Quench is visually akin to Shelter with mechanics that feel like Lemmings. The art in the game – and on Axon’s walls – is heavily influenced by Hayao Miyazaki’s work, particularly films like Princess Mononoke and Nausicaa of the Valley of the Wind. The concept art on Axon’s walls deliberately recalls the Forest spirit in Princess Mononoke. “I definitely was like you know that forest spirit? I want that,” said Tabby.
The animals, meanwhile, are significantly more intelligent than lemmings, but they still have trouble getting along. Wildebeests are distrustful of Lions. Springbok are flighty and impulsive. The Baboons have learned how to control fire. The animals face natural obstacles like brush fires and sandstorms, as well as antagonistic threats like Smokebeasts.
Each animal tribe leader has its own interests and way of doing things, creating a natural tension between the animals that the player has to resolve. For example, Shaman, wants to lead the herd to salvation whereas Flint the Baboon wants to make fire, and your job as the player is to manage those competing interests.
To that end, the developers created many different interactions between the player and the animals. Jeff explained that, “We have the ability to control how closely [the animals] stay together when they are scared. There are a whole bunch of things in the game that can sort of produce fear. You can strike down lightning near them and give them a little bit of a shock.”
When asked why they chose the animals they did, Tabby explained that different animals represent different types of people. “The idea is different groups behave differently, so the springbok for example are really flighty,” she said. “They break apart into more amorphous groups more quickly.
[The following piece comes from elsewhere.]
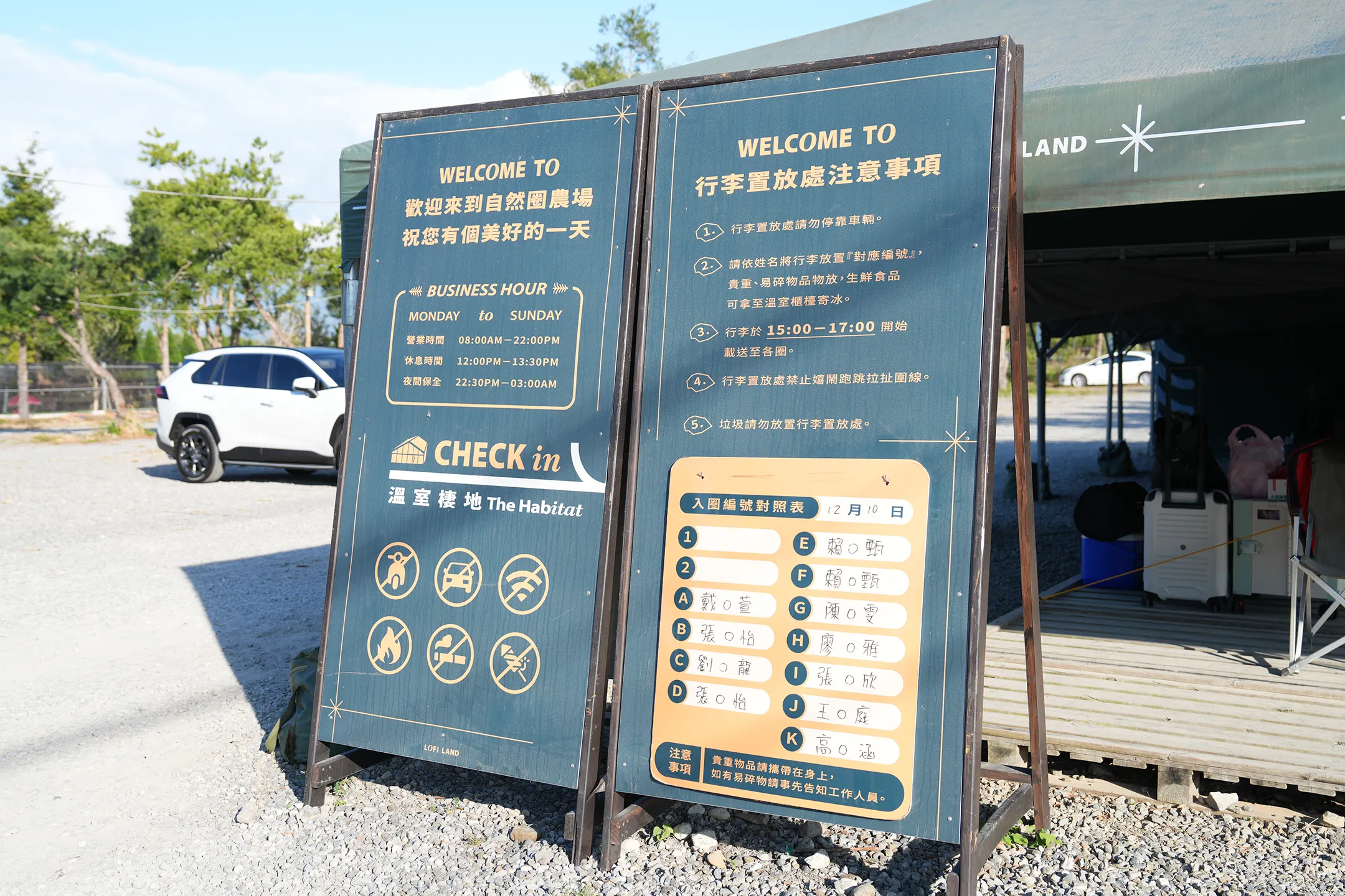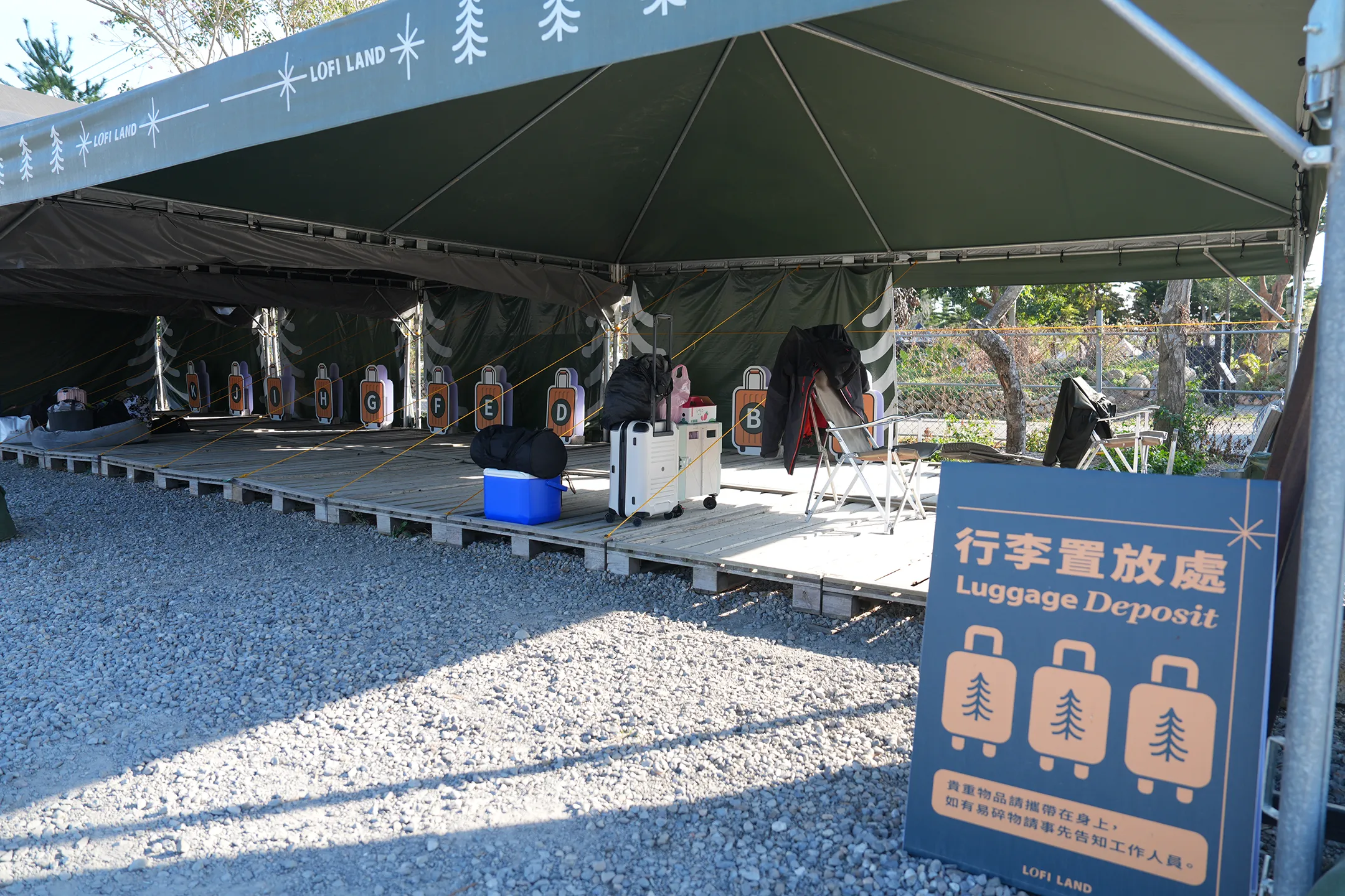 ▼由於營區內幾乎都是石子路,路面凹凸不平,拖行李箱會相當不好走。因此園區貼心設置了「行李置放處」,讓遊客將行李暫時寄放,再由工作人員直接送到我們住的營區。這樣的服務省去了在石子路上拖行李的辛勞,讓我們能夠輕鬆入住,十分貼心便利。

Meanwhile the wildebeest, their whole thing is that they are a military unit so will remain together.”
That’s why the developers insist that the game is about people, citing Avatar: The Last Airbender and The Legend of Korra as big inspirations for Quench. The TV show was a hit with children, but an older audience could appreciate it due to its mature themes (Tabby describes it as “Representational without being realistic”). Avatar dealt with imperialism and democracy, as well as technological advancement, spiritualism, nationalism, and altruism. Similarly, the main theme in Quench is the collaboration of different groups, as herbivores and carnivores come together to overcome global barriers.
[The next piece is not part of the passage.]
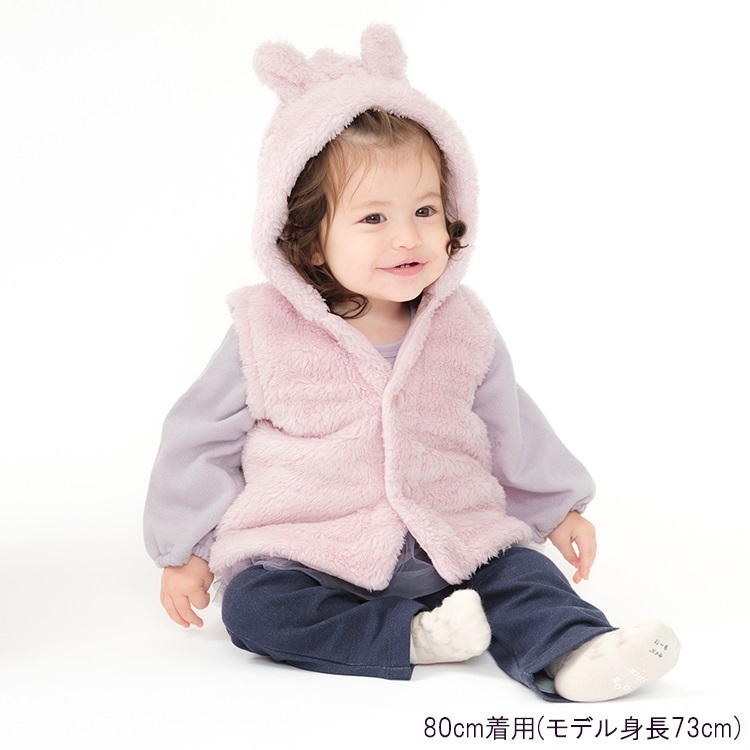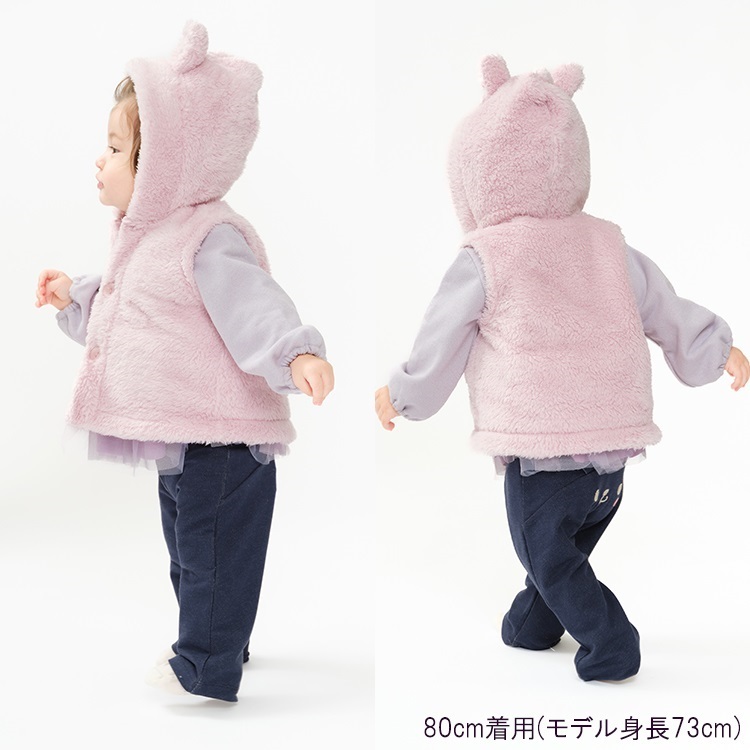 動物が目をひくもこもこボアのフードに動物の耳付の動物デザインのベスト。

“We wanted to tell a story about how groups that may have very disparate needs and ideas on how to fix things still ultimately have to come together to solve that problem,” said Tabby. “Even though there are lions and lions don’t particularly want to work with the anybody else in the group.”
If all goes well, Quench will be accessible to kids and adults in much the same way as Axon’s favourite fiction. “We wanted this to be something that parents and children can play together and that they can talk about, but I didn’t want to make it a kids game,” said Tabby. “It’s not. It’s for everyone.”